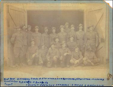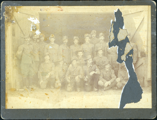 DESCRIPTIONThis image shows a group of nineteen soldiers posing for a photograph. There are eleven men standing and eight men sitting or kneeling at the front. They are in the doorway of a wooden building. Two large wooden doors are open on either side of the soldiers. A large piece of the photo paper has been torn away on the right-hand side.
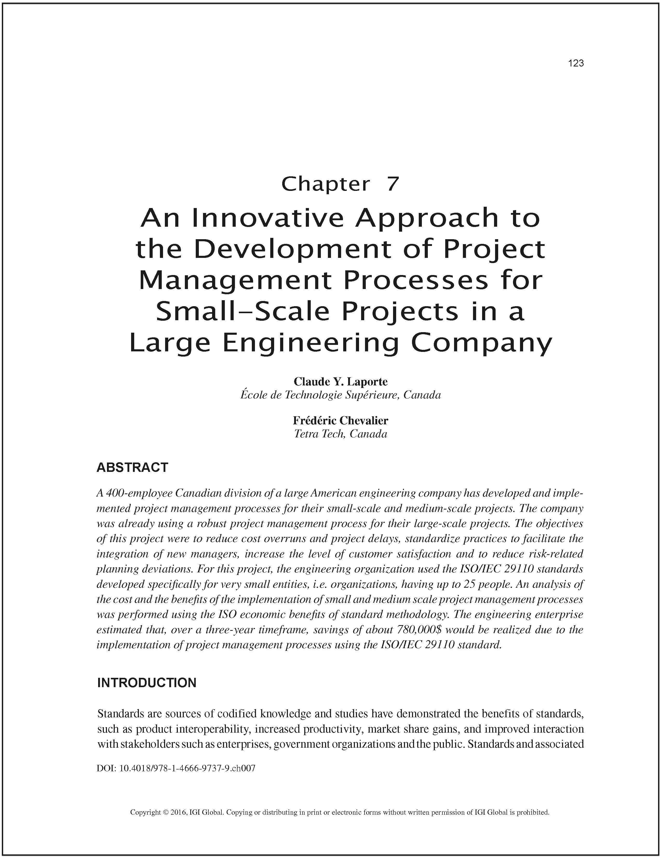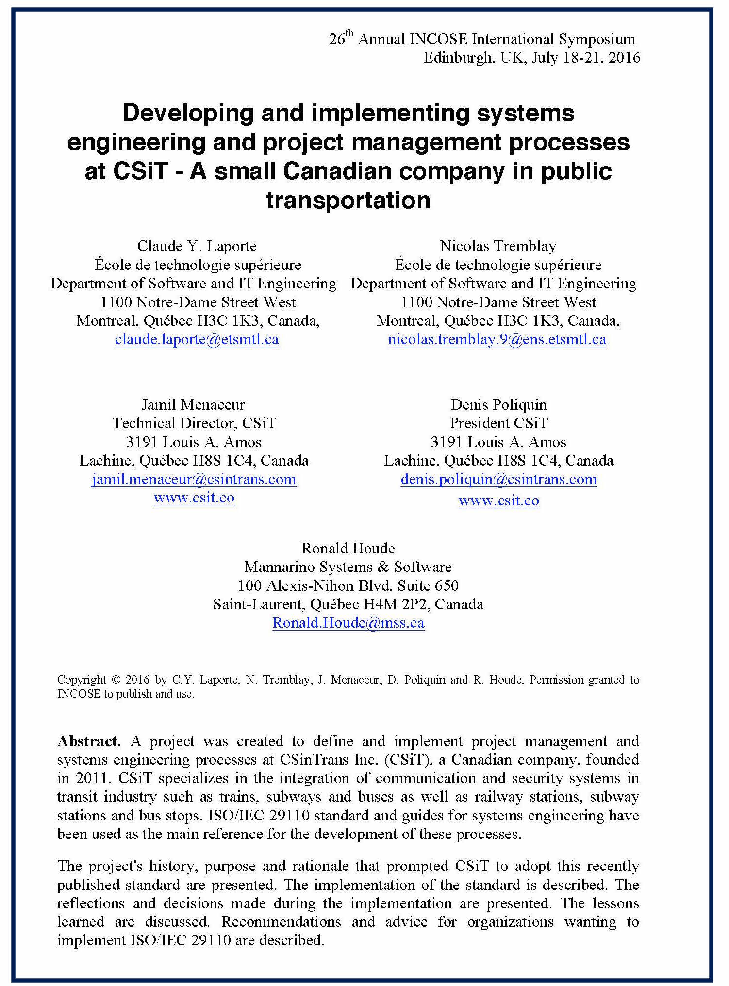 Tremblay, N., Laporte, C.Y., Poliquin, D., Menaceur, J., Implementing systems engineering and project management processes in a Canadian company – Overview and Results Achieved,
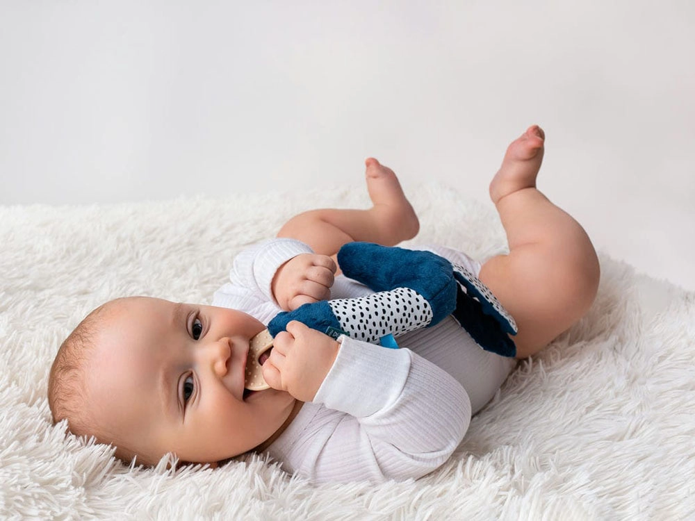 Jamiś is een superzachte knuffel die zowel vermaakt als kalmeert. Contrasterende materialen trekken de aandacht van pasgeborenen, de pieper en knisperende oortjes stimuleren het gehoor, terwijl de getextureerde siliconen bijtring het tandvlees zachtjes masseert bij doorkomende tandjes. Dankzij het lichte ontwerp en de gemakkelijk vast te pakken vorm is het ideaal voor kleine handjes.
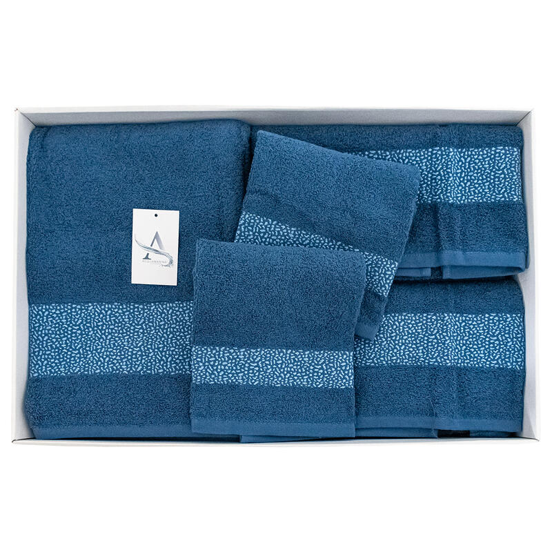 IL SET E' COMPOSTO DA 1 TELO DOCCIA CM 100X150 + 2 ASCIUGAMANI CM 65X105 + OSPITI CM 40X60
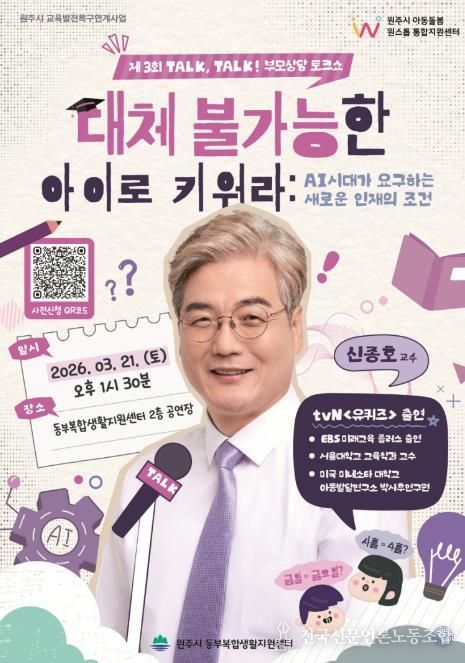 전국신문언론노동조합 강찬희 기자 | 원주시 아동돌봄 원스톱통합지원센터는 오는 21일 오후 1시 30분, 동부복합생활지원센터 공연장에서 초등학생 자녀 양육에 대한 고민을 나누고 해결 방안을 모색하는 ‘제3회 톡톡! 부모상담 토크쇼’를 개최한다.
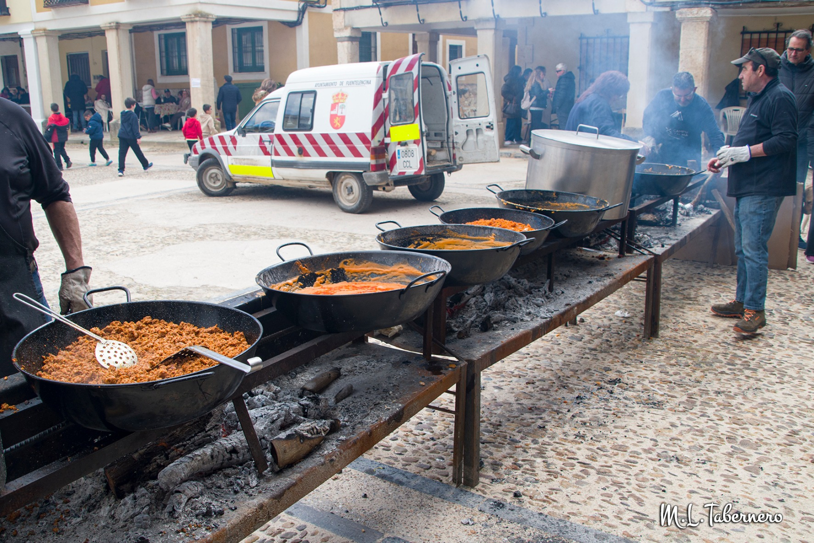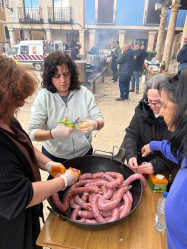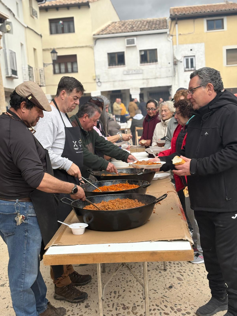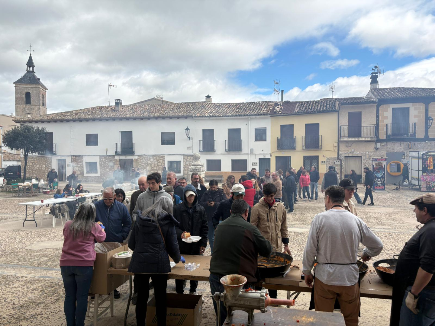 Desde temprano, la plaza mayor –con su iglesia al fondo vigilando como siempre– se llenó de mesas, paellas gigantes y voluntarios con delantales. El Ayuntamiento de Fuentelencina y la Asociación Cultural San Agustín lo organizaron todo: el despiece del cerdo, el embutido en vivo, las migas humeantes y las pruebas de picadillo que volaban de las sartenes. No faltaron las manos expertas removiendo en las grandes ollas, ni los niños correteando alrededor de inflables coloridos, mientras los mayores charlaban con un bocata en la mano.

▶ Description of the task
Reproduce each entry precisely, dropping only the pictures.

▶ Task response
 DESCRIPTIONThis image shows a group of nineteen soldiers posing for a photograph. There are eleven men standing and eight men sitting or kneeling at the front. They are in the doorway of a wooden building. Two large wooden doors are open on either side of the soldiers. A large piece of the photo paper has been torn away on the right-hand side.
 Tremblay, N., Laporte, C.Y., Poliquin, D., Menaceur, J., Implementing systems engineering and project management processes in a Canadian company – Overview and Results Achieved,
 Jamiś is een superzachte knuffel die zowel vermaakt als kalmeert. Contrasterende materialen trekken de aandacht van pasgeborenen, de pieper en knisperende oortjes stimuleren het gehoor, terwijl de getextureerde siliconen bijtring het tandvlees zachtjes masseert bij doorkomende tandjes. Dankzij het lichte ontwerp en de gemakkelijk vast te pakken vorm is het ideaal voor kleine handjes.
 IL SET E' COMPOSTO DA 1 TELO DOCCIA CM 100X150 + 2 ASCIUGAMANI CM 65X105 + OSPITI CM 40X60
 전국신문언론노동조합 강찬희 기자 | 원주시 아동돌봄 원스톱통합지원센터는 오는 21일 오후 1시 30분, 동부복합생활지원센터 공연장에서 초등학생 자녀 양육에 대한 고민을 나누고 해결 방안을 모색하는 ‘제3회 톡톡! 부모상담 토크쇼’를 개최한다.
 Desde temprano, la plaza mayor –con su iglesia al fondo vigilando como siempre– se llenó de mesas, paellas gigantes y voluntarios con delantales. El Ayuntamiento de Fuentelencina y la Asociación Cultural San Agustín lo organizaron todo: el despiece del cerdo, el embutido en vivo, las migas humeantes y las pruebas de picadillo que volaban de las sartenes. No faltaron las manos expertas removiendo en las grandes ollas, ni los niños correteando alrededor de inflables coloridos, mientras los mayores charlaban con un bocata en la mano.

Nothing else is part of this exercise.